Tax Credits For The Poor End Up Going To Luxury Hotels, Big Banks

Tax Credits For The Poor Got To Luxury Hotels, Big Banks

This post has been corrected.

Taxpayer dollars that were intended to help poor communities are instead being used to finance luxury hotels, according to a new story in Bloomberg Markets magazine.

A Federal program, called New Market Tax Credits, gives a substantial tax refund to institutions that bankroll development projects in poor neighborhoods, according to Bloomberg. But in practice, it hasn't always worked out that way. Developers use 10-year-old Census data to claim a neighborhood is low-income and deserving of a jobs-creating development. Many of the neighborhoods receiving taxpayer assistance have since become upscale. Some of the projects being financed are among the most luxurious of their kind.

The program, which gives institutions or individuals 39 percent of their investment over a seven year period, is popular. Last year, Treasury received 250 applications for the tax credits, according to a Treasury release from last June. The applications requested a total of $23.5 billion. In that round, only $5 billion was available.

In many cases, New Markets has helped revitalize under-served areas. But in other cases, it has simply enriched financial institutions, while nearby poor areas remained stranded, Bloomberg reports.

The rules stipulate that developments must be in neighborhoods with at least a 20 percent poverty rate, or with a population earning 20 percent less than the median family income in the surrounding area.

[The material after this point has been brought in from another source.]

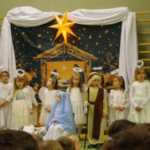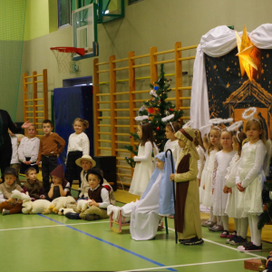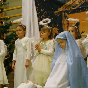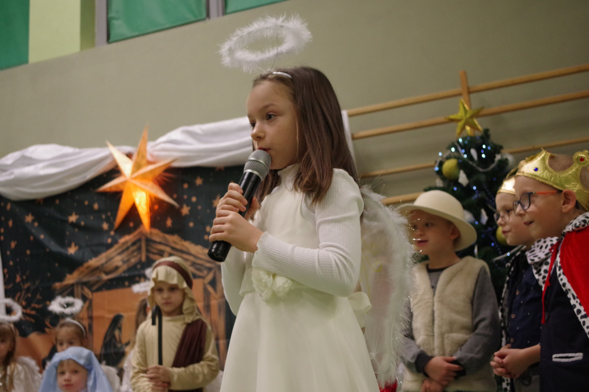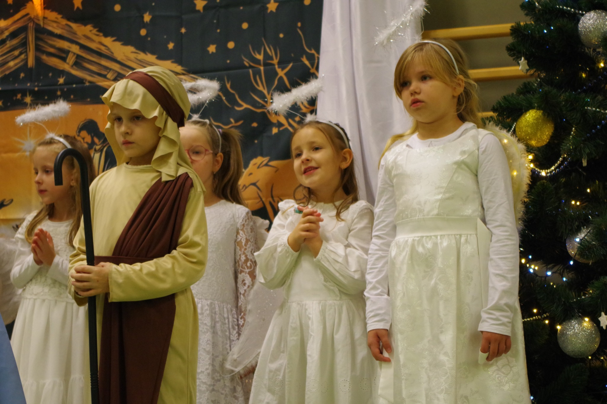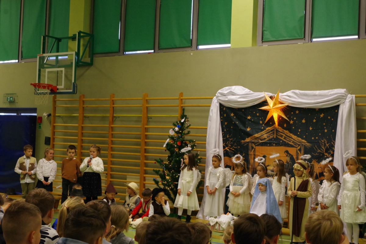 W czwartek, 18 grudnia w naszej szkole odbyły się wyjątkowe jasełka, podczas których dzieci zaprezentowały piękną historię narodzin Pana Jezusa. Mali artyści zachwycili publiczność swoim zaangażowaniem, talentem i radością płynącą ze wspólnego występu. Liczne kolędy wprowadziły wszystkich w prawdziwie świąteczny nastrój, tworząc niezwykle ciepłą i cudowną atmosferę. Na zakończenie Pani Dyrektor oraz Pani Przewodnicząca Rady Rodziców złożyły wszystkim serdeczne życzenia świąteczne, dziękując za zaangażowanie uczniów i nauczycieli w tworzenie tego pięknego wydarzenia !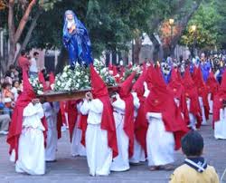 En la tarde se realiza otra procesión en las principales calles de la ciudad ya con Jesús clavado en la cruz, esta procesión es más larga y completamente en silencio, en ésta hombres y mujeres vestidos de negro cargan cruces, velas y estatuas que escenifican la crucifixión.

Hotel union officials and activists in Chicago have taken notice of the seeming abuse, and have filed a complaint with the U.S. Treasury Department, the Milwaukee Journal Sentinel reported earlier this month. And at least one government official seems inclined to agree.

"Things like luxury hotels are entirely contrary to what we set out to do," Cliff Kellogg, a former senior policy advisor at Treasury, told Bloomberg.

One such project is the Blackstone Hotel, in downtown Chicago, which offers rooms for as much as $699 a night. Prudential Financial, which bankrolled the development, received $15.6 million from Treasury. JPMorgan Chase served as a lender, according to Bloomberg.

Read the full story here.

UPDATE: This post incorrectly stated JPMorgan Chase received a tax credit. The bank served as a lender.